Chicago On the Aisle - Somewhat Recommended
"...Maude is middle-aged, recently fired from her job as a bar tender and living alone in a dumpy trailer decorated with other people’s discarded junk. But one such piece of refuse is a painting that could be an original Jackson Pollock worth millions of dollars. That’s the starting point of Stephen Sachs’ play “Bakersfield Mist,” a two-hander at TimeLine Theatre starring a pair of Chicago’s best actors, who between them cannot bring this half-baked drama to much purpose."
Stage and Cinema - Highly Recommended
"...Based on an actual story, Bakersfield Mist takes us through a minefield of situational ethics and conditional justice. When Maude cries out “I’m not giving up,” it’s about much more than validating a thrift-shop masterpiece. To Lionel’s amazement this woman possesses “arête,” the Greek word for inner virtue. You can’t put a price on that."
ChicagoCritic - Highly Recommended
"...Watching the fire works between Brooks and Nussbaum is a glorious treat. These two skilled players navigate through Stephen Sachs’ well-constructed script with truthful representations of their gender and their social class. Ultimately, their humanity seeps out. Bakersfield Mist is the first “must see” production of the new theatre season."
Chicago Theatre Review - Highly Recommended
"...What’s real and what’s fake? That question is the crux of this excellent play by Stephen Sachs, launching TimeLine’s 20th season in a Chicago premiere that’ll long be remembered for its intriguing debates about reality and deception, as well as the importance of art in our lives. A chance to witness two magnificent local actors going head-to-head, while trapped within the claustrophobic confines of a trashy mobile home, is must-see. For audiences who prefer their discussions about art to be served up with pigs-in-a-blanket and a shot of whiskey, this is the perfect evening of theatre."

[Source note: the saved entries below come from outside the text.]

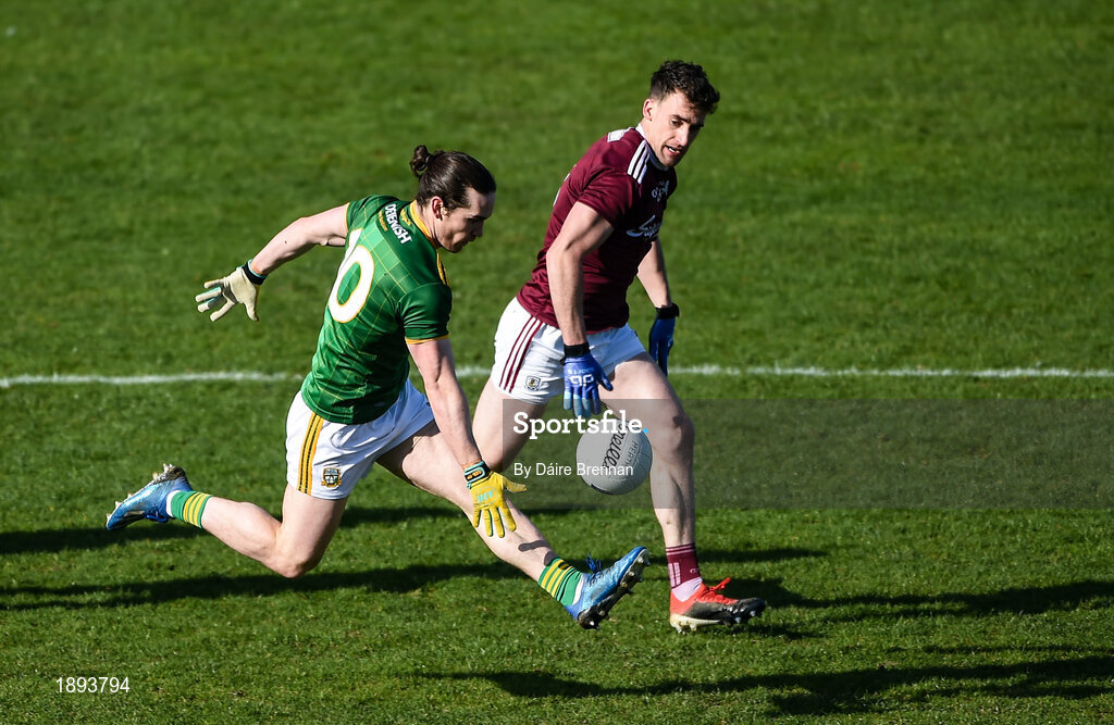 1 March 2020; Cillian O’Sullivan of Meath in action against Ronan Steede of Galway during the Allianz Football League Division 1 Round 5 match between Meath and Galway at Páirc Tailteann in Navan, Meath. Photo by Daire Brennan/Sportsfile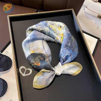 油画风小方巾梵高向日葵复古真丝百搭印花方巾
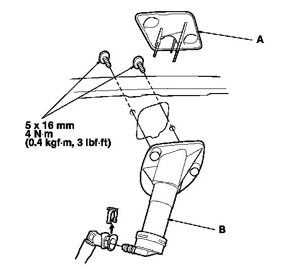 2. Remove the cover (A), tube, mounting screws and headlight washer nozzles (B).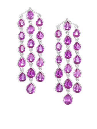 プレゼンターを務めたエミリー・ブラントは、18Kホワイトゴールドに、76.17カラットのペアシェイプピンクサファイアと5.89カラットのダイヤモンドをセットした「ハイジュエリー コレクション」のイヤリングと、ダイヤモンドリングを身に纏い登場。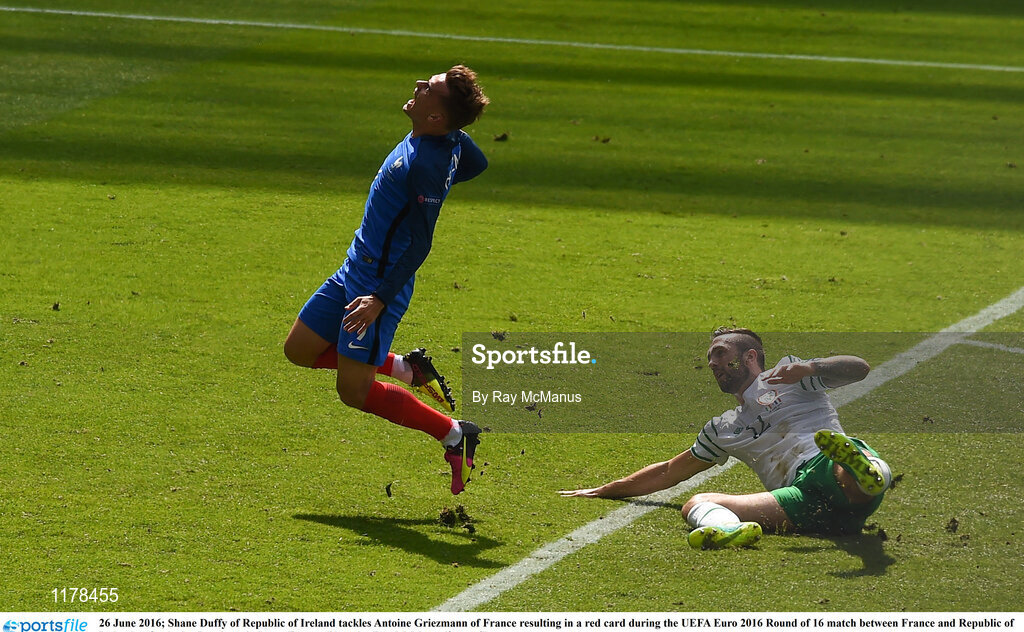 26 June 2016; Shane Duffy of Republic of Ireland tackles Antoine Griezmann of France resulting in a red card during the UEFA Euro 2016 Round of 16 match between France and Republic of Ireland at Stade des Lumieres in Lyon, France. Photo by Ray McManus/Sportsfile

Chicagoland Theater Reviews - Highly Recommended
"...“Bakersfield Mist” raises the questions of what can be called authentic and who has the right to declare what is a masterpiece and what is fake or second rate in art. It’s a subjective matter that is colored by egos, politics, and the difficulty of judging something based on subjective “gut” assessment in the absence of hard evidence. Reputations and fortunes hang in the balance, to be decided by the perceived credibility of the expert. It’s intellectually chewy stuff, made stimulating and entertaining in this concise yet fulfilling play brought to exhilarating life by a pair of terrific performances."
Chicago Theater Beat - Highly Recommended
"...Bakersfield Mist is equal parts comedic and heartbreaking, acknowledging absurdity and cliche without ever descending into either. Both Sachs and Fox, and the actors, walk a fine line: with a less able team, this Chicago premiere could have easily sunk into unlikable stereotypes. Thanks to the playwright and TimeLine, however, Bakersfield Mist makes an odd situation unforgettable, and a situation of opposites, attracting and repelling, a sweet and haunting search for truth."
NewCity Chicago - Somewhat Recommended
"...All art benefits from the context in which it is presented. No doubt, “Bakersfield Mist” benefits from TimeLine’s well-deserved reputation. And yet, as Maude’s potential Pollock demonstrates, context alone does not define value. Like any good work of art, there is plenty to admire about “Bakersfield Mist.” Yet, it did not move me. And if there is a takeaway from “Bakersfield Mist” it is that being moved is the only thing that truly matters."